### Problem statement
Only the lines from the top of the listing below through the line containing "Fototapeta premium Swollen" should be output, exactly and with no pictures.

### Given material
___

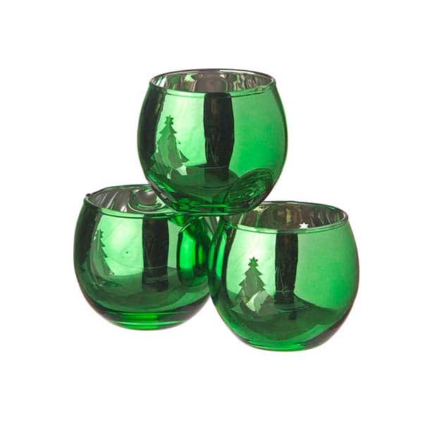 Κηροπήγιο S/3 γυάλινο πράσινο με δεντράκι
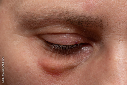 Fototapeta premium Swollen eyes from tiredness and irritation
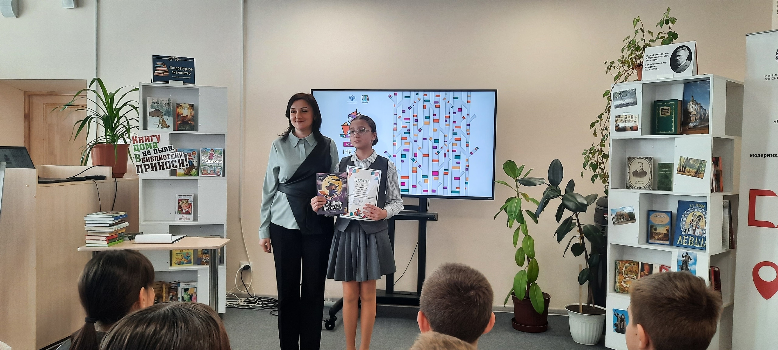 В конце встречи библиотекарь ЦДБ им. Е.А. Благининой, Елена Бибаева, поздравила участников с Неделей детской книги и началом весенних каникул. Она вручила грамоту и подарок Трушкиной Анастасии за любовь к книге и чтению.

___

### Result
 Κηροπήγιο S/3 γυάλινο πράσινο με δεντράκι
 Fototapeta premium Swollen eyes from tiredness and irritation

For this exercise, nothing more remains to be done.